The group definitely didn't find enough treasure this time to level up under the "gold for XP" system. Since we've been playing this fairly collaboratively, I'll have to ask Josh and Peter if they want to stick with that, or go with a "one level gained per delve" system instead.

During the next "summer break", the group will probably want to follow-up with Monica Doom, and Josh might want Jimbo to check on the sorority sisters who gave him their address. (They probably ought to have names or something, right?) If they do want a way to earn more XP, T AKW from Dreams and Fevers and Velexiraptor from A Blasted Cratered Land have put out a mini wizard school dungeon The Department of Soul Studies. This could be an above-ground part of Gallax University, or a rival wizard liberal arts college located somewhere else in the city.

Unless I keep coming up with new missions, I think this campaign is moving toward a natural conclusion, or at least a natural pausing point, probably after they burgle the vault and steal the Eleventh Hourglass, although events could surprise me. I know Josh is eager to try out the free quickstart rules from the Root RPG Kickstarter,and I'm quite interested as well. On the other hand, if some new motivations to continue the campaign due pop up, I'm not going to stifle things by calling a premature end to it - it's just that right now a possible ending is in sight.

4 comments:

  1. One of the GLOG's soft spots is the lack of generally accepted tools to create locations and factions that define more codified rulesets. The most worldbuilding within the GLOG is dungeon spaces and types of class as GLOG seems to skew mostly towards dungeoncrawling in execution.
    Part of this has to do with the gritty lowlevel OSR feel the GLOG is adjacent to, but there doesn't seem to be a widespread desire for different levels of domain play that usually accompany tools for worldbuilding.

    ReplyDelete
    Replies
    1. I think of the GLOG as *mooostly* being some standardized rules for character creation, a very popular spellcasting system, and some kind of awkward roll-under combat rules. There's not very much there for dungeon building or monster creation.

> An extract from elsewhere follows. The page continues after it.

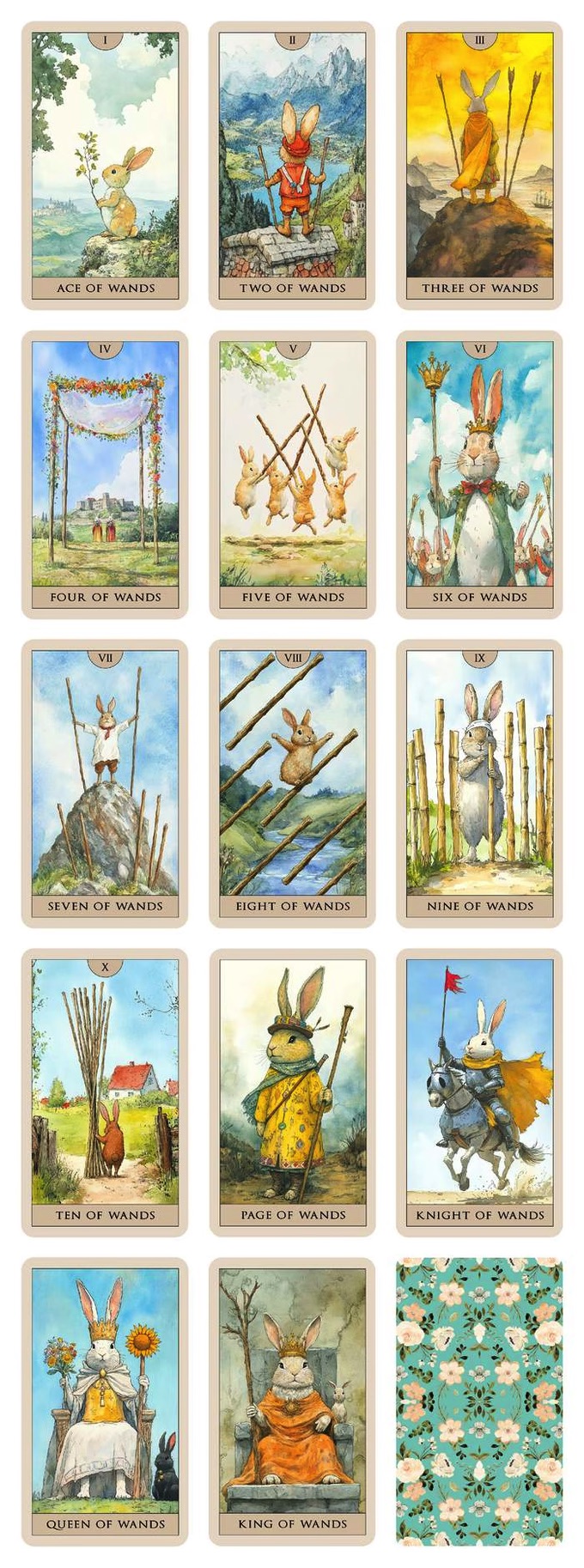 本產品需要付全數訂金訂貨,一般需時約 3-6 星期到貨。這副兔子主題塔羅牌融合了兔子與人類元素,整體風格以水彩畫感為靈感,並以童話書氛圍作為主要參考來源。每張牌皆展現出獨特的兔子角色,帶有專屬的個性、背景故事與象徵意涵,讓閱讀過程充滿童趣與靈性象徵。卡牌大小為 70 x 120mm(標準塔羅尺寸 2.75" x 4.75"),材質選用 350g 紙卡,雙面印刷,呈現細膩色彩與紋理。卡盒設計靈感源於「開啟禮物」與「打開童話書」的感受,採用霧面處理的上下蓋式硬盒,外觀精美,既具收藏價值又能妥善保護整副卡牌。

      In this case though, there IS a setting there, but it's not all the way complete yet, and I don't know / remember everything that's there. So I can't really blame the rules for that!

      Delete
  2. That Adventure Time deer is perhaps my favorite gif of all time.

    ReplyDelete
    Replies
    1. It is delightful. I think Josh, at least, gets a lot of Adventure Time vibes from this setting.